Ah, the basic dilemma of people reading or viewing Chokher Bali for the first time. Try not to see Binodini in terms of black and white binaries. Try to understand the horrifying system of widowhood and how it murdered a young woman alive.
Binodini is an educated, vivacious, sexual young girl who has no options, no life, nothing to look forward to except for death. She tastes freedom for the first time in Mahendro's house. She realizes that she would have been the rightful mistress of this house. She could have been happy. She could have made Mahendro a much better partner than Ashalata. Instead she is stuck within this empty, hollow nothingness. A barely twenty year old girl deprived of every little pleasure. There is this vivid section on her life in village and the terrible condition for widows. You have to understand the social subtext in order to learn Binodini. She is not known as the finest female character in the history of Bengali literature for nothing. She is complicated and problematic. If you compartmentalize her or attempt to visualize her in a linear way, you will never learn Binodini.
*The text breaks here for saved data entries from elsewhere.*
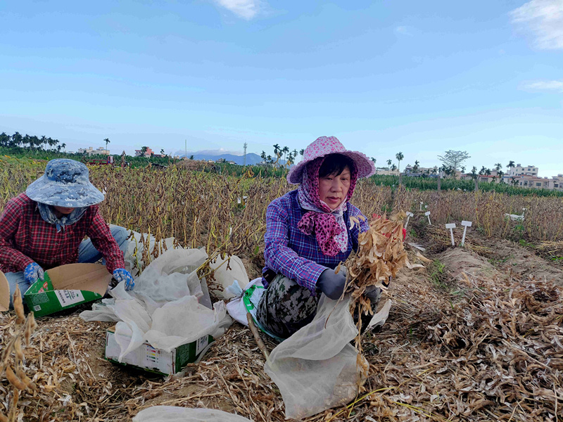 李艷華在海南田間進行大豆脫粒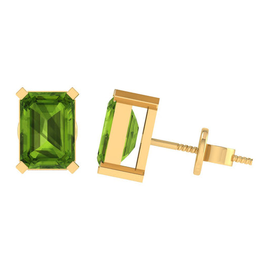 Gold Plated Sterling Silver Emerald Shape Peridot Gemstone(August Birthstone) Stud Earring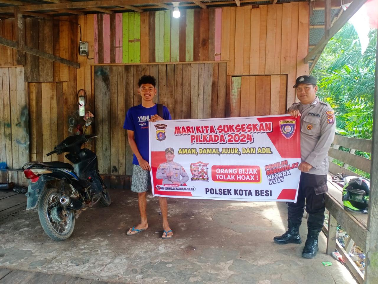 Dalam kegiatan tersebut personel Polsek Kota Besi mengajak masyarakat untuk bersama-sama menciptakan suasana dan stabilitas keamanan menjelang Pilkada 2024 aman dan Damai.

Binodini's subconscious tells her Asha robbed her of the life she deserved. A life of freedom and happiness. Yes, she willingly seduces Mahendro and she deliberately hurts Asha who has only been her friend. But that's who she is. She is problematic. Ironically enough, only when she gets what she wants, she realizes she never wanted it in the first place. Does she love Mahendro? No. She doesn't even like him or respect him. She speaks of the deeper secrets of the primal female mind. It doesn't help if you judge her through standard right-wrong binaries.
Finally, this is also a beautiful story of love, redemption and sexuality. People should not ignore the undertones of sexuality through the book. It's something that defined the book and defines the fundamental feminine soul.